[Stored dataset items]
>>>
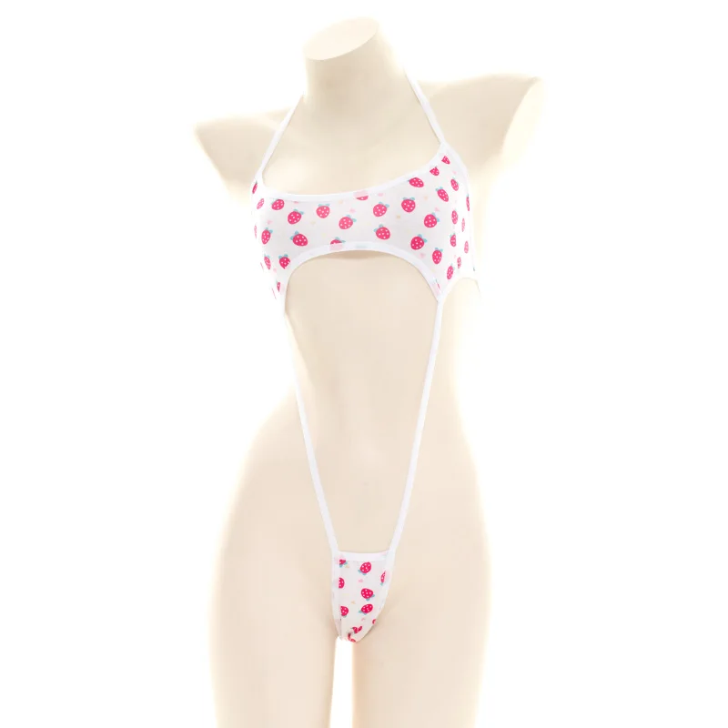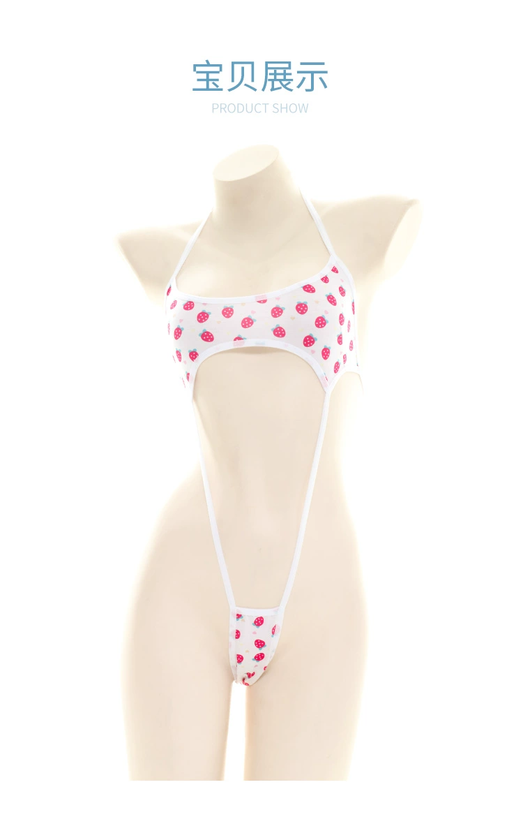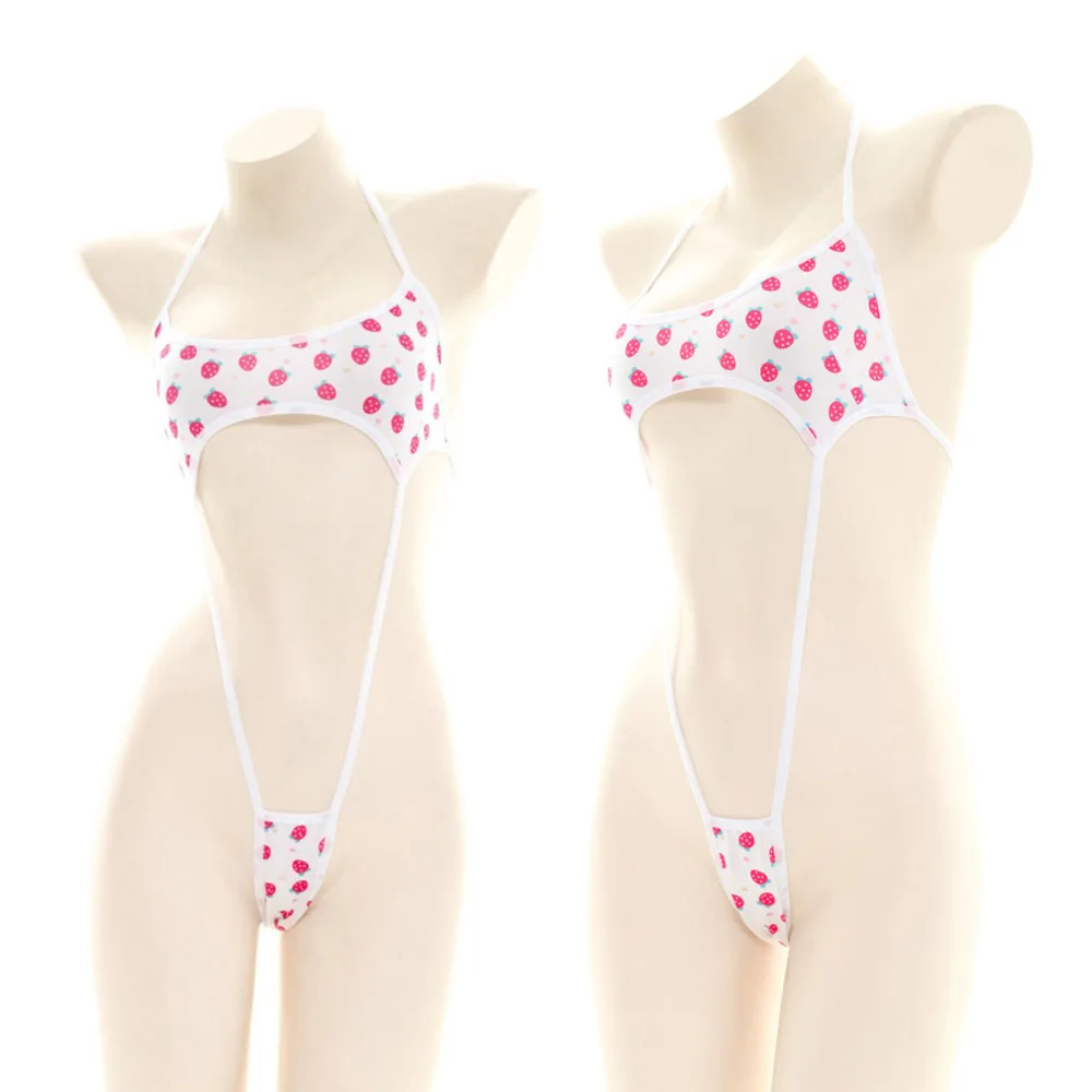 Женское милое нижнее белье с принтом клубники, соблазнительная пижама в японском стиле для девушек-подростков, слитный пижамный комплект для косплея
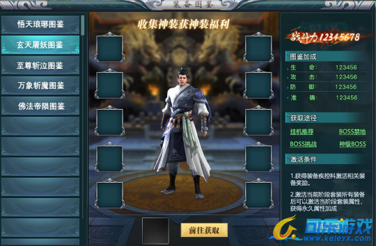 收集红色以上装备可激活图鉴,每激活一件装备图鉴可领取一份奖励
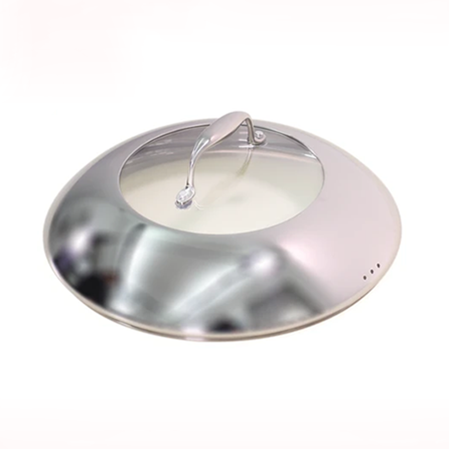 Vung bằng thuỷ tinh chịu nhiệt kết hợp với các chi tiết inox giúp dễ quan sát thực phẩm trong khi nấu. Logo iMat được in lên phần thuỷ tinh. Nút thoát hơi to bọc inox an toàn. Đối với chảo 28cm, phần inox sẽ lớn hơn thuỷ tinh.
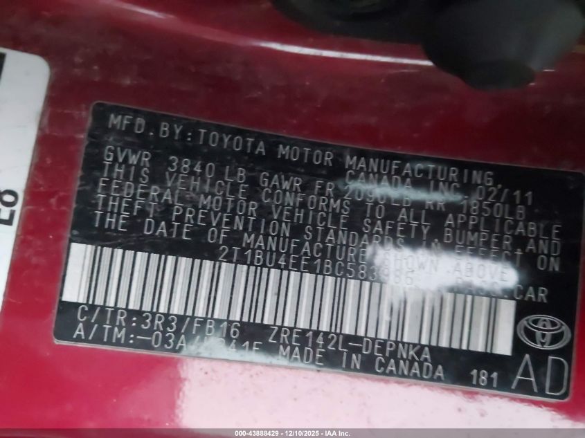 2011 TOYOTA COROLLA 2011 року Бензин, 1.8, Передний привод, vin - 2T1BU4EE1BC583986 из США
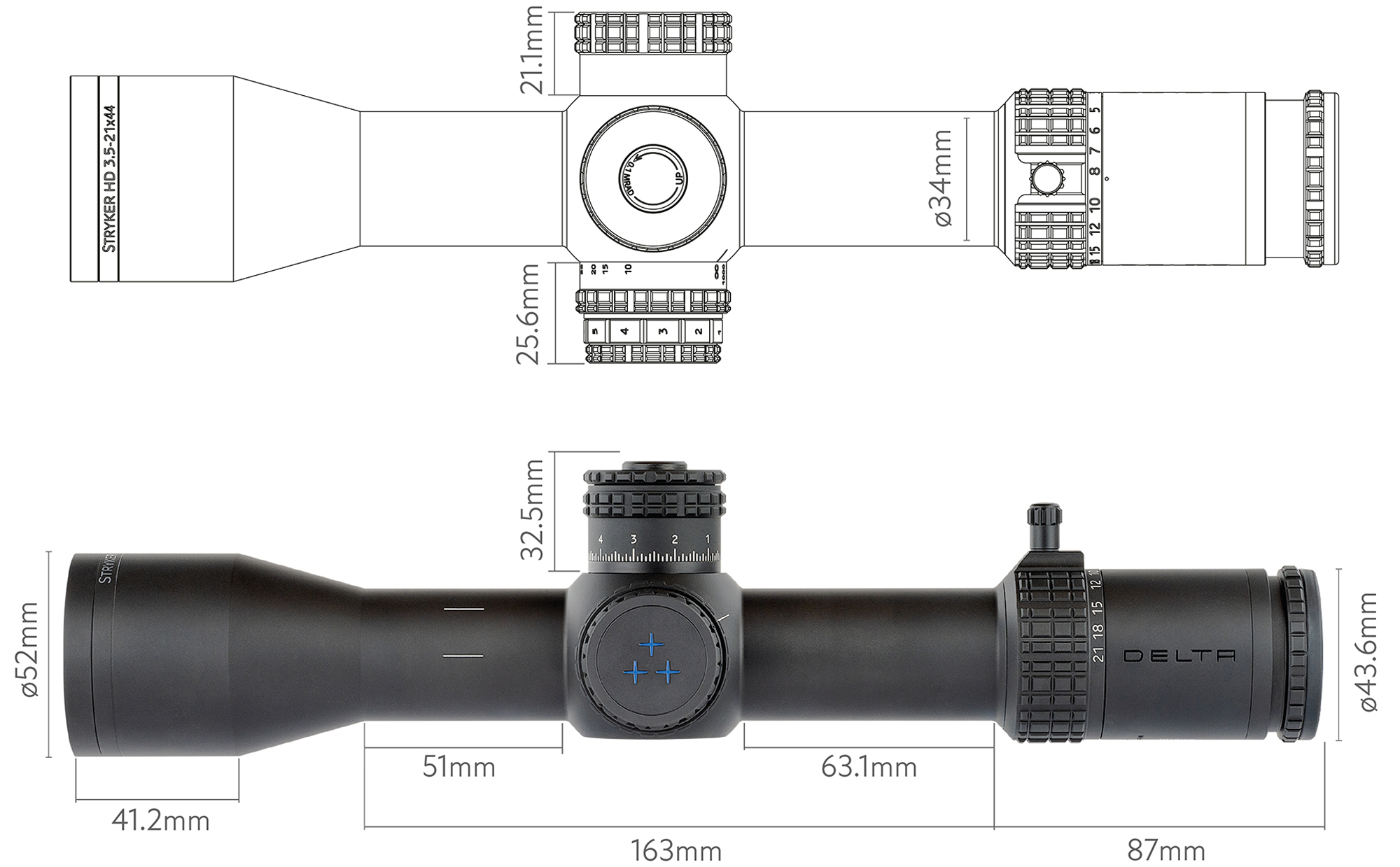 Constructed from durable aircraft-grade aluminium, the Delta Stryker 3.5-21 stands up to the rigors of the field, being shockproof, waterproof, and fog proof – making the perfect pairing for your most extreme outdoor adventures.
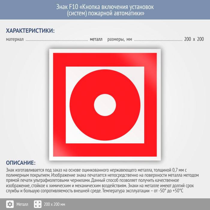 Знак F10 «Кнопка включения установок (систем) пожарной автоматики» (металл, 200х200 мм) в Ульяновске купить
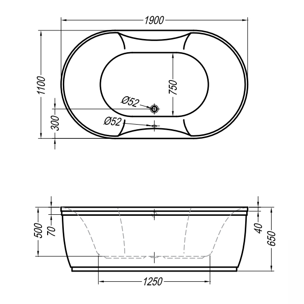Изящная овальная ванна с плавными линиями украсит любую ванную комнату.
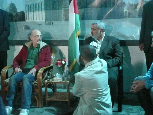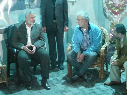 Here is Ismail Haniyeh making nice with Mike Cushman, a Research Fellow at the London School of Economics.
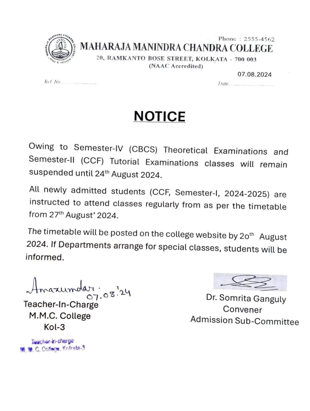 Maharaja Manindra Chandra College, located at the heart of the city of Kolkata , has established a separate identity of its own since its very inception, 1941, as a centre of higher education commited for imparting quality education to the students of the city and its suburbs. It is needless to say that presently our country is passing through a period of hardships and uncertainty and consequently, the parents and the guardians are too anxious about the future of their wards. Still, the reality always advises us to keep our hope alive. In the era of acute competition students have to prepare themselves to overcome the hurdles and achieve their desired goals.
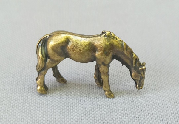 • ESCULTURA, uma (1) miniatura animalista representando cavalo, confeccionada em bronze maciço, medindo aproximadamente 2,5 x 1,5 cm, vide foto.
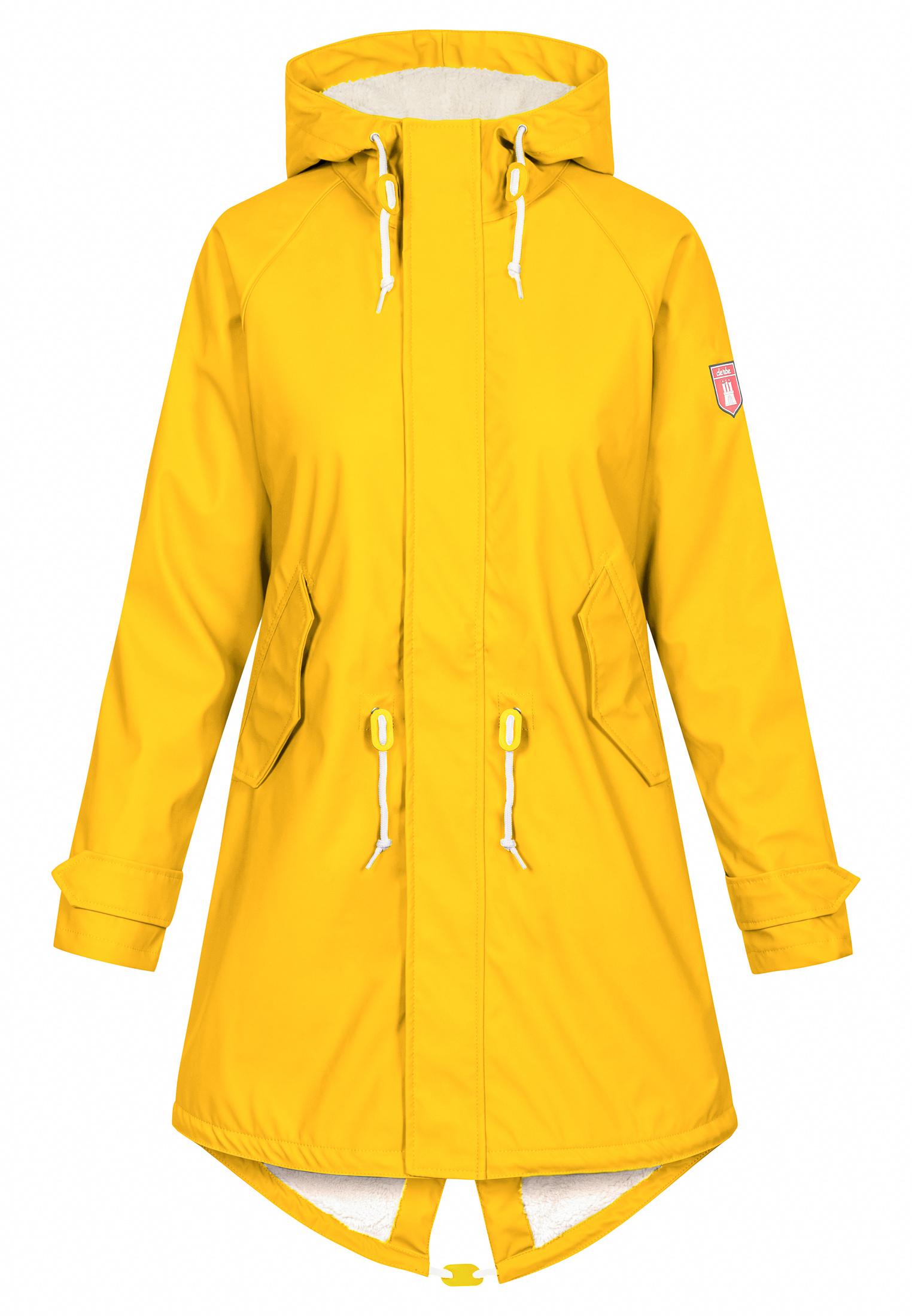 Die Regenjacke von derbe kommt im femininen Style daher und steht der Trägerin bei Wind und Wetter zuverlässig zur Seite. Das Design, die Schnittführung und der Einsatz Materialien machen diese Jacke zu einem neuen Lieblingsartikel von derbe. Ein besonderes Highlight sind die goldenen Details an diesem Modell. Fällt groß aus, bitte eine Größe kleiner bestellen.
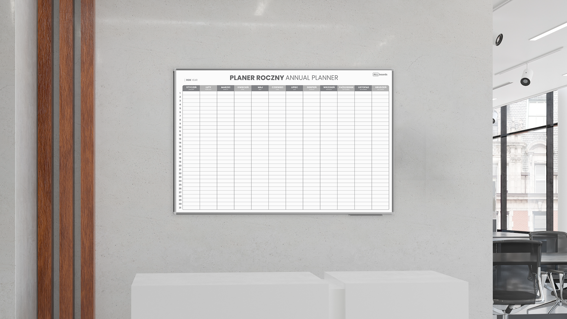 Planer roczny powstał w oparciu o tablicę magnetyczną suchościeralną w rozmiarze 120x90 cm, w ramie aluminiowej typu EXPO.
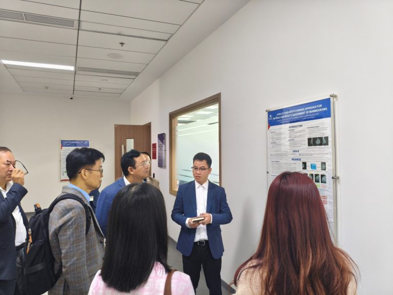 At the meeting, Dr. Pham Huy Hieu shared VinUni’s strategic vision of becoming a research-oriented university based on the 3P model (Prosperity – Health – Environment). The core objective is to foster prosperity through AI and robotics, enhance community healthcare, and promote environmental sustainability. The delegation directly visited VinUni’s laboratories and recognized several remarkable research achievements, including:
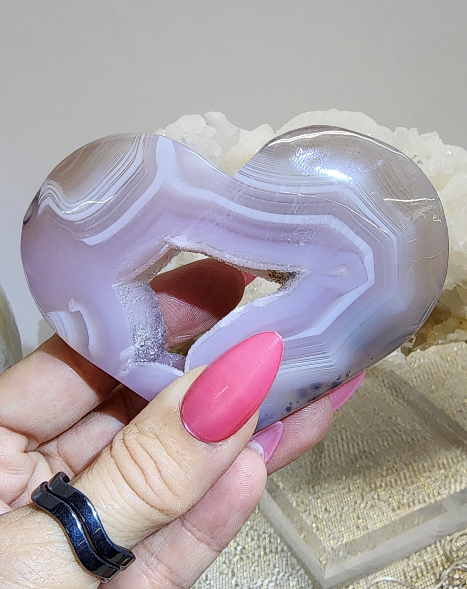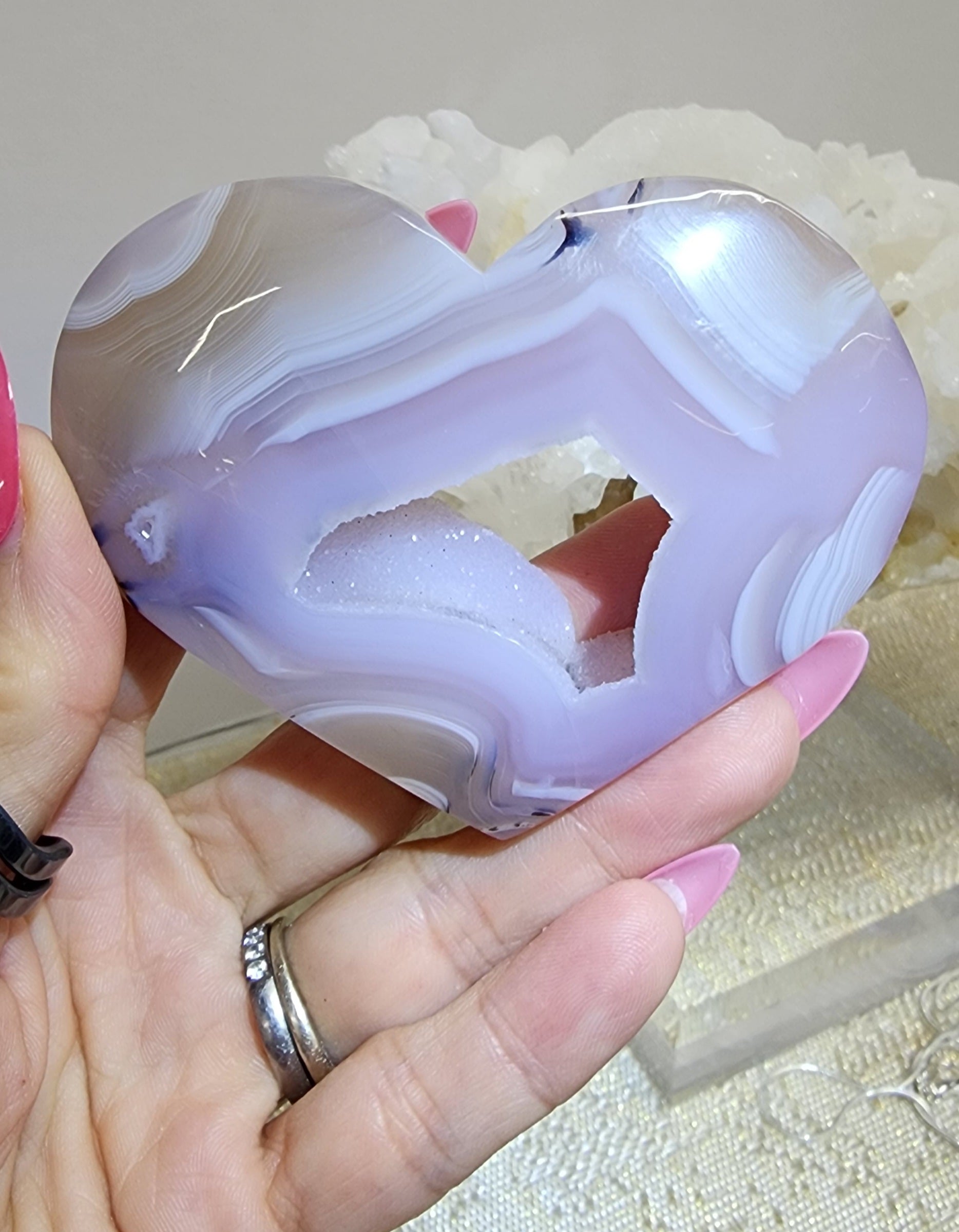 1 Jelly Agate Druzy Portal heart w/Dendrite $96
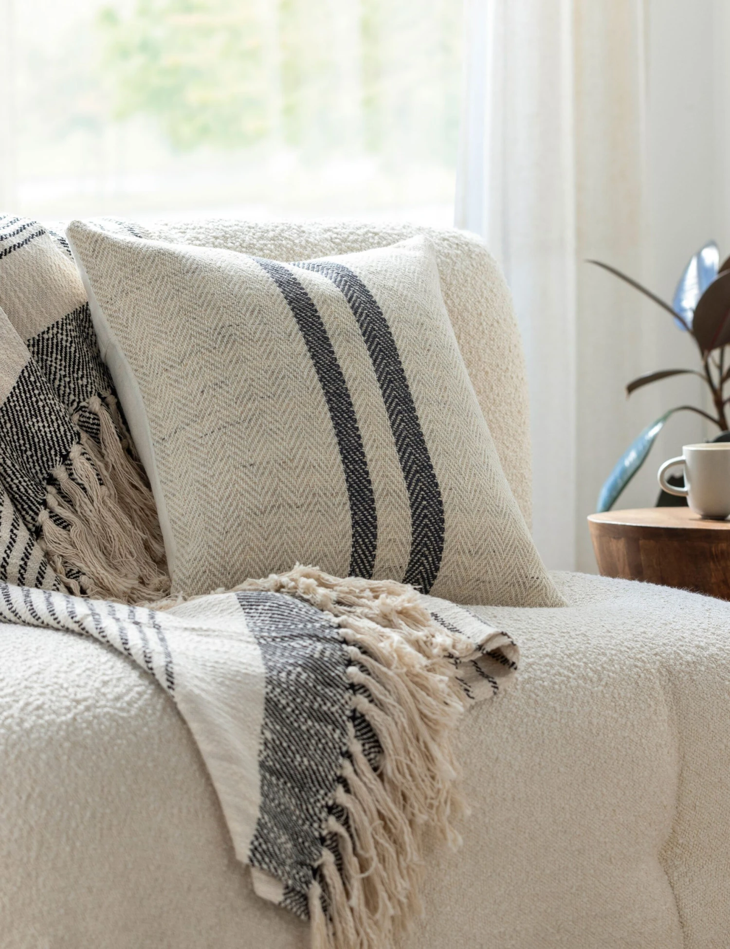 Becki Owens brings her hallmark blend of warmth and elegance to a collection of throw pillows with Surya. We love the natural woolen touch this accent pillow adds to the room. Its minimalist design features two stripes on a neutral field for subtle impact.
<<<
TRY IT:
Above are the records; copy from them only the lines starting at the one containing "Изящная овальная ванна" and ending at the one containing "Here is Ismail", exactly and without pictures.

WRITTEN SOLUTION:
Изящная овальная ванна с плавными линиями украсит любую ванную комнату.
 Here is Ismail Haniyeh making nice with Mike Cushman, a Research Fellow at the London School of Economics.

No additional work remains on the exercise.